** TASK DESCRIPTION **
Leaving out all pictures, give again each line exactly, from the start of the listing through the line that contains "另外,选择一个方案时,窗口上".

** EXTRACTED INFORMATION **

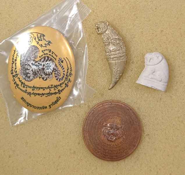 ล็อกเก็ตเสือ พระครูสมุห์ บรรเจิด + เขี้ยวเสือ หลวงพ่อหวล วัดชาวเหนือ ราชบุรี + เหรียญบารมี 30 ทัศน์ หลวงพ่อศรีนวล วัดเพลง จ.นนทบุรี + เสือผงหลวงพ่อปาน วัดคลองด่าน
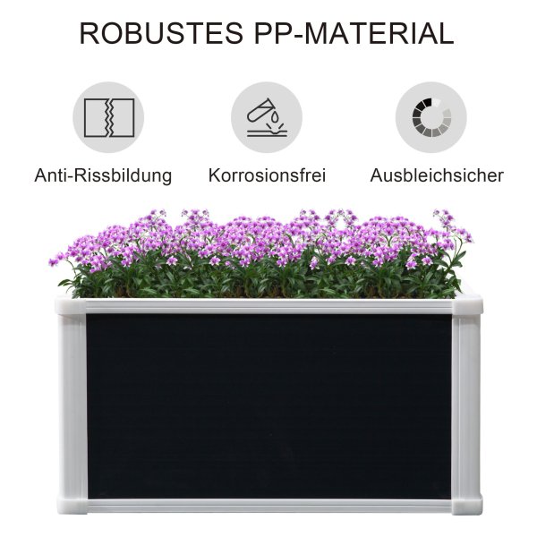 Dankzij het verhoogde ontwerp van deze plantenbak worden uw planten beschermd tegen ongedierte en onkruid. De stevige plastic constructie zorgt voor langdurig gebruik in alle weersomstandigheden, waardoor u jarenlang van uw tuin kunt genieten. Het afvoersysteem van de bak zorgt ervoor dat overtollig water effectief wordt afgevoerd, wat de gezondheid van uw planten bevordert.
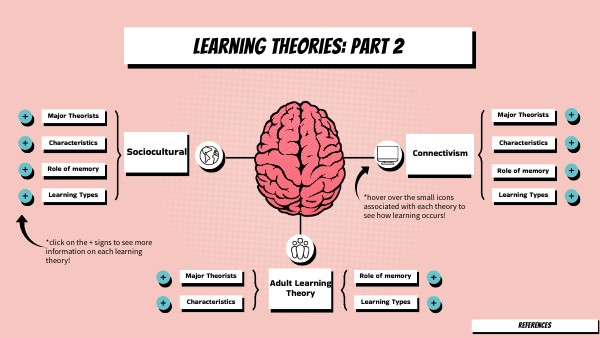 Connectivism accepts that technology is a major part of the learning process and that our constant ability to be connected allows for opportunities to make choices about our learning. It also promotes group collaboration and discussion, allowing for different viewpoints and perspectives when it comes to decision-making, problem-solving, and making sense of information. Connectivism promotes learning that happens outside of an individual, such as through social media, online networks, blogs, or information databases (WGU, 2021).
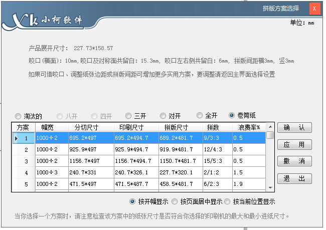 另外,选择一个方案时,窗口上面会显示该方案的产品尺寸及咬口,边距,间距(双单刀)等参数,要认真检查是否合适
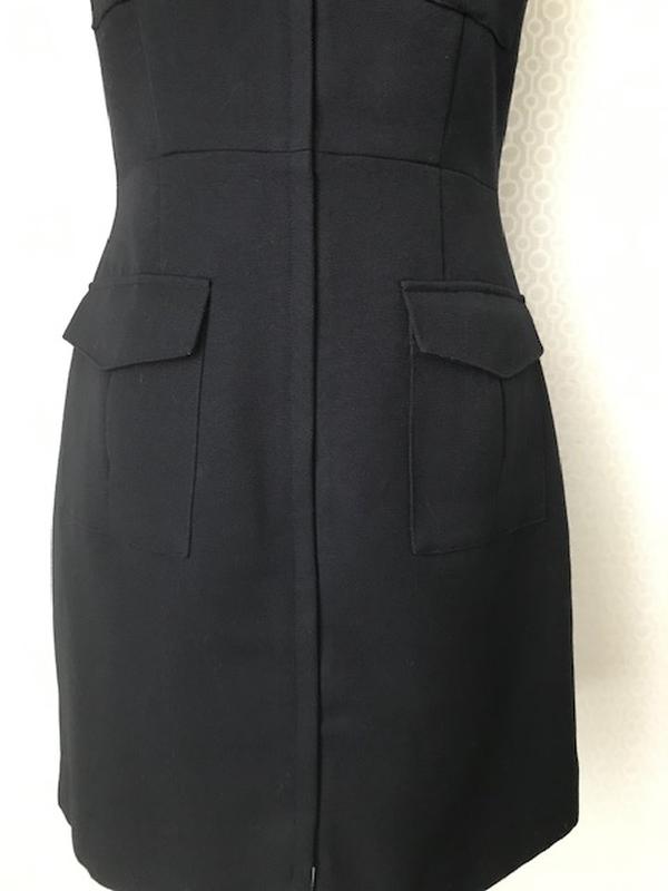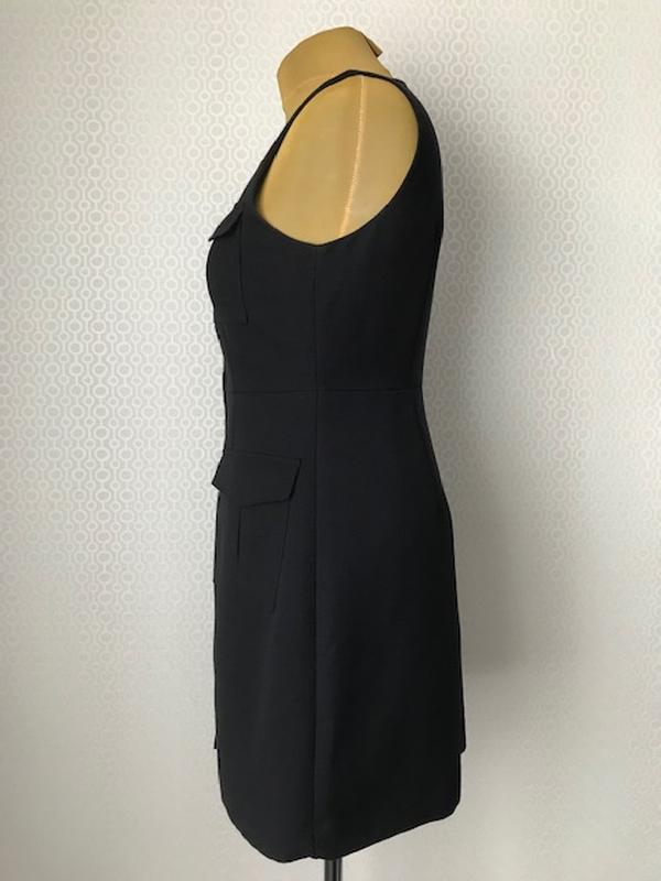 Стильное платье без рукавов / сарафан в стиле сафари / кежьюал стиле. Можно носить как длинный жилет с узкими черными брючками и белой блузой (либо гольфом контрастного цвета или в цвет) Насыщенный черны цвет, достаточно плотная ткань, которая хорошо держит форму. В составе полиэстер и вискоза. Застёгивается на металлическую молнию по всей длине. Отрезное по линии талии. Впереди четыре накладных кармана под клапанами - два выше линии талии и два ниже. На подкладке.
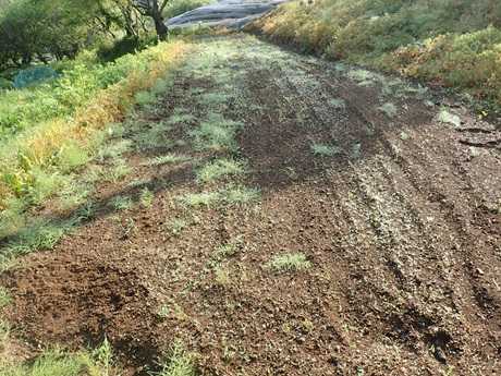 春ジャガイモの畝間に耕運機をかけてもらったのは~ 4月初旬頃
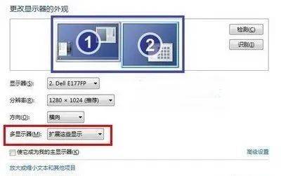将计算机连接到两个显示器之后,默认设置为“扩展显示”功能. 所谓扩展显示就是将显示屏扩展到两个显示器的范围. 例如,一个显示器的分辨率为1440X900,另一个显示器的分辨率为1280X1024. 扩展显示后,总分辨率为1440X900 + 1280X1024. 设置完成后,不同显示器的显示内容将有所不同!
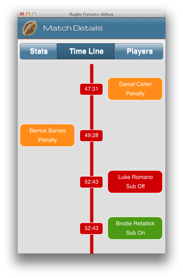 An Android app that shows fixtures from tournaments, including a time line with events such as Tries, Conversions, Penalties with different colors for faster reading.
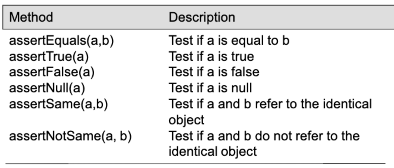 - JUnit에서는 위처럼 expectation과 결과값을 비교할수 있도록 다양한 함수가 제공된다.
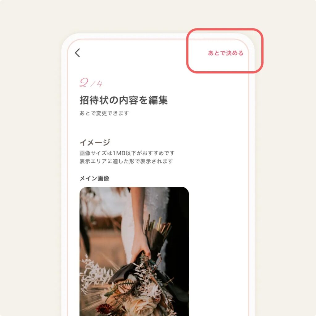 招待状に必要な情報の入力は想像以上にたくさんありますし、手紙の文面から会場の住所や電話番号など間違えられない情報ばかりで、気を張る作業です。その工程をステップを刻むことで入力しやすくしました。
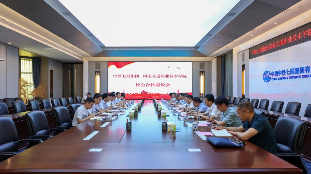焦宏涛一行参观了中铁七局初心使命馆,深入了解中铁七局发展历程、生产经营、企业党建等方面的情况。在随后的座谈会上,师建军介绍了中铁七局历史沿革,以及近年来改革发展、生产经营、人才培养等方面取得的成绩,并对河南交通职业技术学院一直以来给予的支持帮助表示感谢。他表示,中铁七局作为驻豫央企,双方具有良好的合作基础和条件,希望在教育培训、科技创新、人才引进与培养等方面继续深化沟通交流,促进双方合作取得更多成果。焦宏涛介绍了学校办学特色、专业设置、人才培养和实习就业等情况,他指出,访企拓岗不仅是为了拓宽毕业生就业渠道,更是为了调研企业实际人才需求状况,以此作为学校优化专业配置及各对口专业制定完善人才培养方案的客观依据,从而做到精准育才、定向培养,实现学生与岗位的无缝对接,尽快融入企业环境。他希望以此次调研为契机,双方充分发挥各自的特色和优势,在实习就业、科研合作、随企出海、职业培训等方面构建校企长期合作机制,努力打造校企深度融合的命运共同体。

** TASK ANSWER **
 ล็อกเก็ตเสือ พระครูสมุห์ บรรเจิด + เขี้ยวเสือ หลวงพ่อหวล วัดชาวเหนือ ราชบุรี + เหรียญบารมี 30 ทัศน์ หลวงพ่อศรีนวล วัดเพลง จ.นนทบุรี + เสือผงหลวงพ่อปาน วัดคลองด่าน
 Dankzij het verhoogde ontwerp van deze plantenbak worden uw planten beschermd tegen ongedierte en onkruid. De stevige plastic constructie zorgt voor langdurig gebruik in alle weersomstandigheden, waardoor u jarenlang van uw tuin kunt genieten. Het afvoersysteem van de bak zorgt ervoor dat overtollig water effectief wordt afgevoerd, wat de gezondheid van uw planten bevordert.
 Connectivism accepts that technology is a major part of the learning process and that our constant ability to be connected allows for opportunities to make choices about our learning. It also promotes group collaboration and discussion, allowing for different viewpoints and perspectives when it comes to decision-making, problem-solving, and making sense of information. Connectivism promotes learning that happens outside of an individual, such as through social media, online networks, blogs, or information databases (WGU, 2021).
 另外,选择一个方案时,窗口上面会显示该方案的产品尺寸及咬口,边距,间距(双单刀)等参数,要认真检查是否合适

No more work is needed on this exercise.